A second step that can differ between laboratories is the immunostaining procedure. The sensitivity of the antigen can have an impact on the results [17-20]. In a study by Cheang and colleagues two ER antibodies, the monoclonal rabbit antibody SP1 and the mouse monoclonal antibody 1D5, were compared. Of the 4105 samples SP1 detected ER positivity in 69.5% of the samples, while 1D5 detected ER positivity in 63.1% of the cases. SP1 showed to be more sensitive than 1D5 [18]. Similar results were found in a study by Huang showing an 8 times higher affinity of SP1 compared to 1D5 [20]. For this reason, it is plausible to use a cocktail of different antibodies to increase the sensitivity [21]. In our study, we used a cocktail of two mouse monoclonal antibodies to ER, 1D5, and ER-2-123, which bind to different regions of the protein. There was a significant positive correlation between the IHC results of tumor slides stained at the central lab and those stained at the participating laboratories.

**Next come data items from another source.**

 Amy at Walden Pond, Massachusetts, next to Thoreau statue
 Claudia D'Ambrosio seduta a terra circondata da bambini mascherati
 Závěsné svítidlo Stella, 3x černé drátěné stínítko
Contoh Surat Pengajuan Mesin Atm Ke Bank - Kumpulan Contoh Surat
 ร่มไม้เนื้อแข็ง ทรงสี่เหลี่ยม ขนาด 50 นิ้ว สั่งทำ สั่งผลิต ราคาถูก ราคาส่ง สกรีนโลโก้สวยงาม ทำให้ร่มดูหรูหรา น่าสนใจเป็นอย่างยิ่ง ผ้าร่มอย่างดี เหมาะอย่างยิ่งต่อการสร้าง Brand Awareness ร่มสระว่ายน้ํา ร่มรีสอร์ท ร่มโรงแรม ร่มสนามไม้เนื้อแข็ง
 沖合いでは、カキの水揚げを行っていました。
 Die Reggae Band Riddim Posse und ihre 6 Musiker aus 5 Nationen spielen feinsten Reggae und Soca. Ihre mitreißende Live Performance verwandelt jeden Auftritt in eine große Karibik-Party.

Nevertheless, the correlation for ER was much lower for site 1 in comparison to site 2. Classifying ER-positive versus ER-negative tumors revealed approximately 5% discordant results for ER and PR for site 1, but not for site 2.

Finally, different scoring systems can result in discordant cases between laboratories [22]. Some scoring procedures are based on the evaluation of the proportion of stained cells, while other scoring systems, like the Allred scoring procedure, rely on the evaluation of the proportion of stained cells and the intensity of the staining [23]. Discordant results obtained by one scoring system could result in concordant cases when using the other scoring system [23]. Beside different scoring systems interobserver variability can also occur. Tumors with low levels of ER expression are often difficult to classify and can lead to observer discordance [24]. In our study the scoring results of the central lab using the Allred scoring method and those of the participating lab using their proper scoring system were significantly positive correlated for ER and PR. Again, despite the high concordance, discordant cases occurred.

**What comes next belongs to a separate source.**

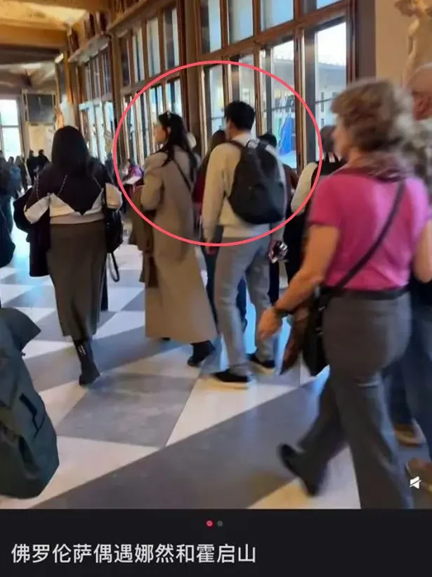 视频中,娜然回头和身后的女子说话,她把墨镜放在头发上,估计是没想到会被人认出,另外也有网友在意大利偶遇娜然和霍启山,她穿着灰色大衣,霍启山则背着背包,一身工作装打扮。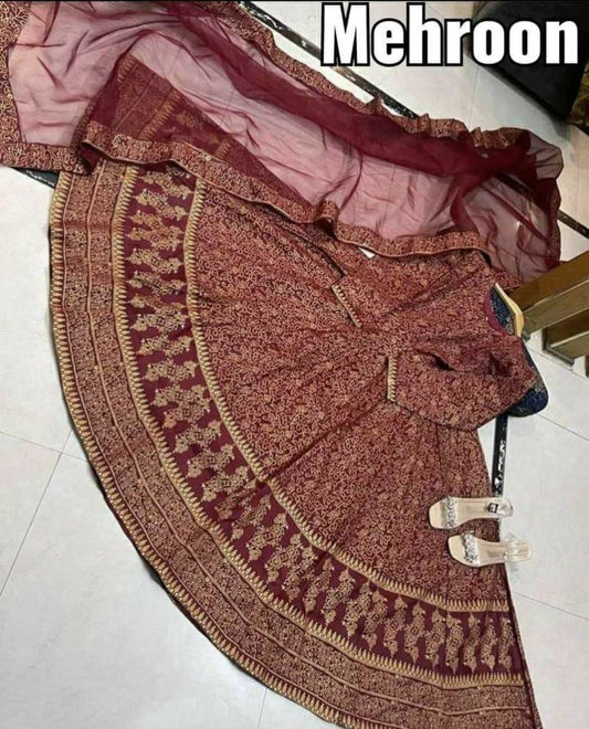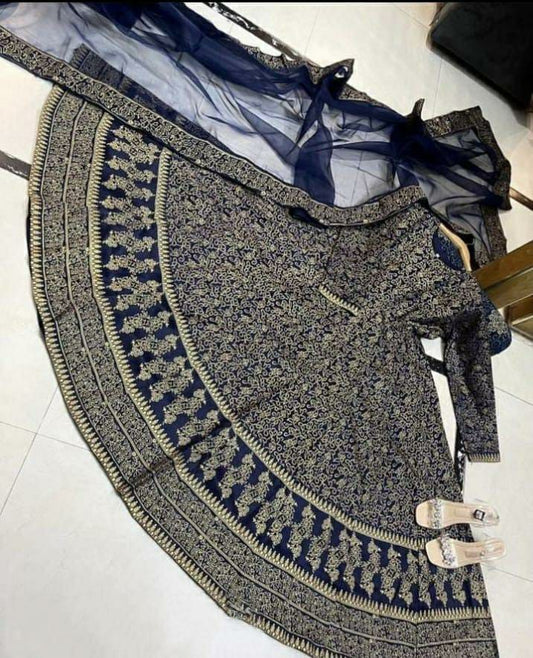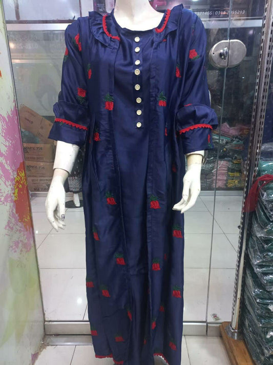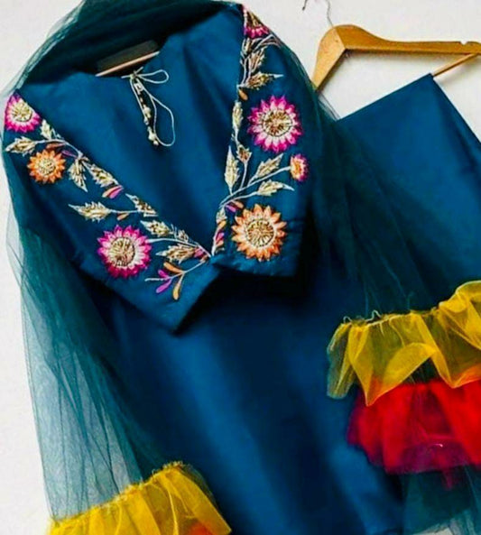 3 Pcs Women's Stitched Silk Embroidered Gown Suit (Blue)

As there were some discordant cases between different labs using IHC, it may be interesting to use a more robust, observer-independent technique. Quantitative mRNA-based measurements could be a suitable method to analyze the expression of ESR1 and PR. Studies comparing microarray mRNA quantification and qRT-PCR with IHC revealed a high concordance [25-30].

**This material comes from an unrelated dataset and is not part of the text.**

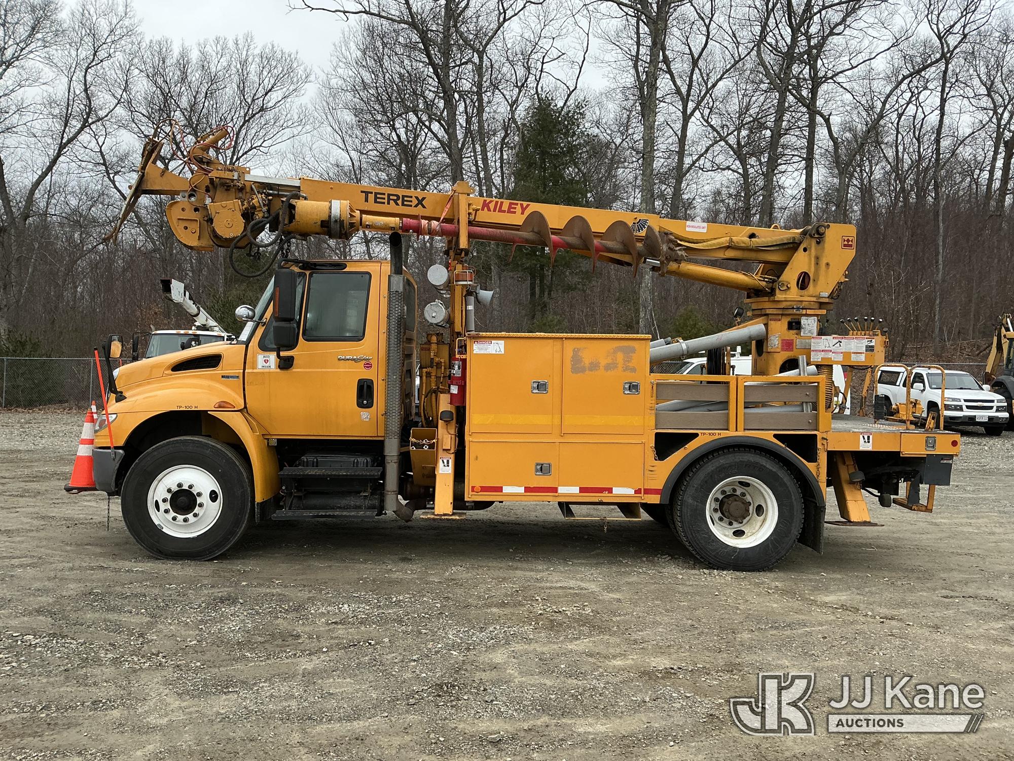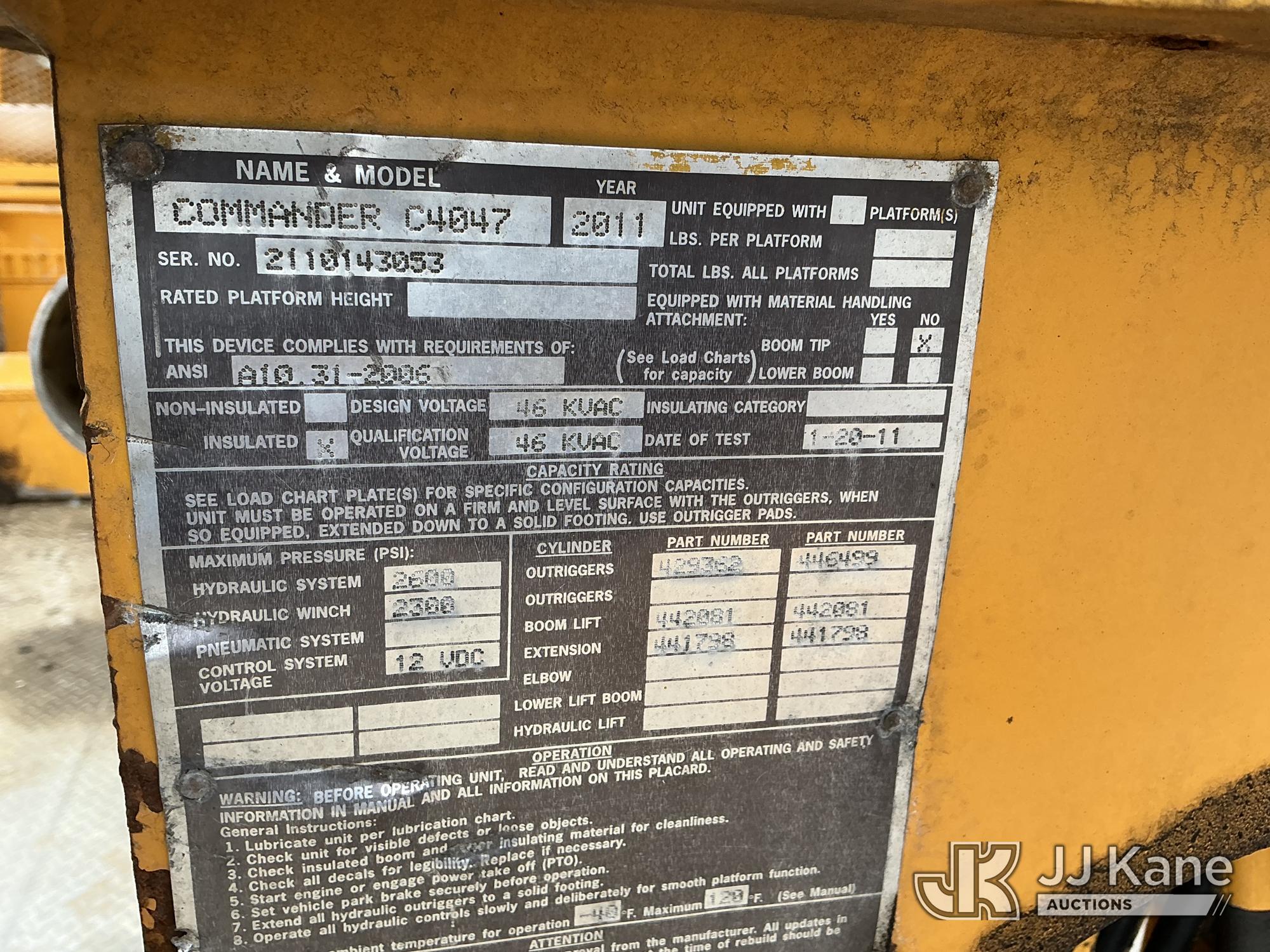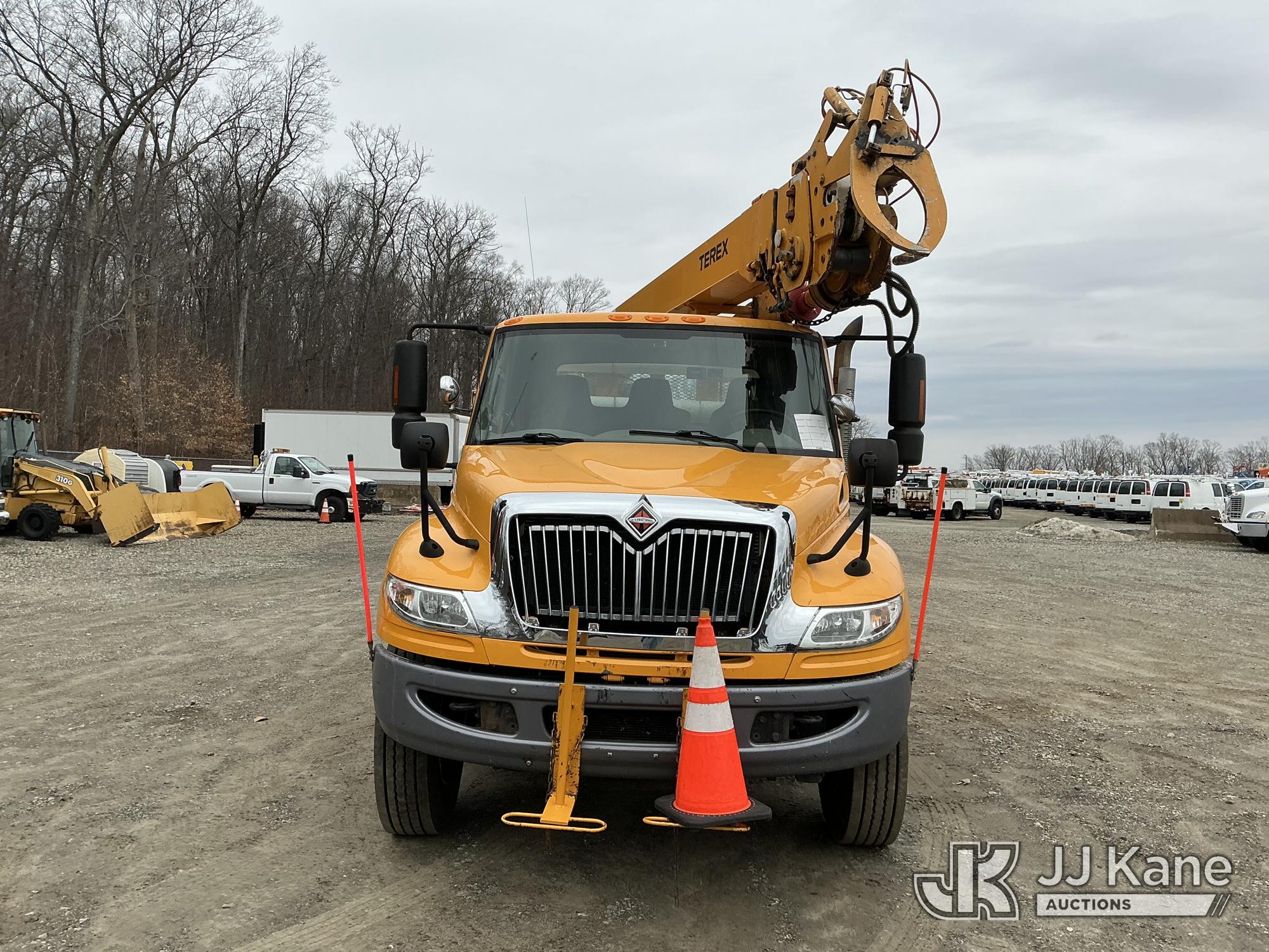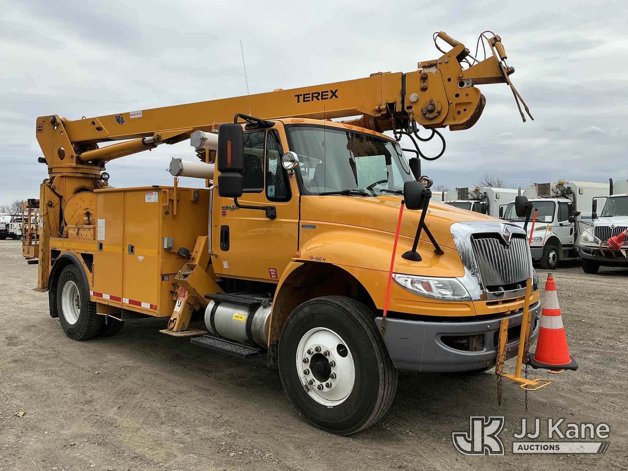 Terex/Telelect Commander C4047, 18,890 Lb Digger Derrick s/n 2110143053, with 47 ft sheave height, 2-spd digger, tip winch, pole grabs & stand up controls, corner mounted on 2011 International 4400 Flatbed/Utility Truck, MaxxForce 7.6L 4X2, diesel, Auto, A/C, (48,598 miles) (Runs & Moves) (Hydraulic Leak, Upper Condition Unknown, Check Engine Light On) (Reads 5,817 hours) This is a Titled Item*

These results confirm that qRT-PCR could be an additional method for determining the status of hormonal receptors. Besides the advantage of being observer independent, qRT-PCR also allows to detect heterogeneity in the activity of the ER-signalling pathway of the different tumors as shown in our study. The assessment of ER-activity is of importance because not all patients with ER-positive breast cancer do respond to endocrine therapy [31].

5. Conclusions

IHC is a routinely used procedure to classify breast cancer in ER-positive and -negative tumors. Despite good overall concordance, discordant cases determined by preanalytical and analytical lab-specific procedures have been identified. These discordant cases lead to misclassification of tumors. qRT-PCR could be an additional observer-independent technique to determine hormone receptor status and activity. The weakness of the study is the low number of samples. It would also be interesting to use more samples with low ER and PR expression in the study.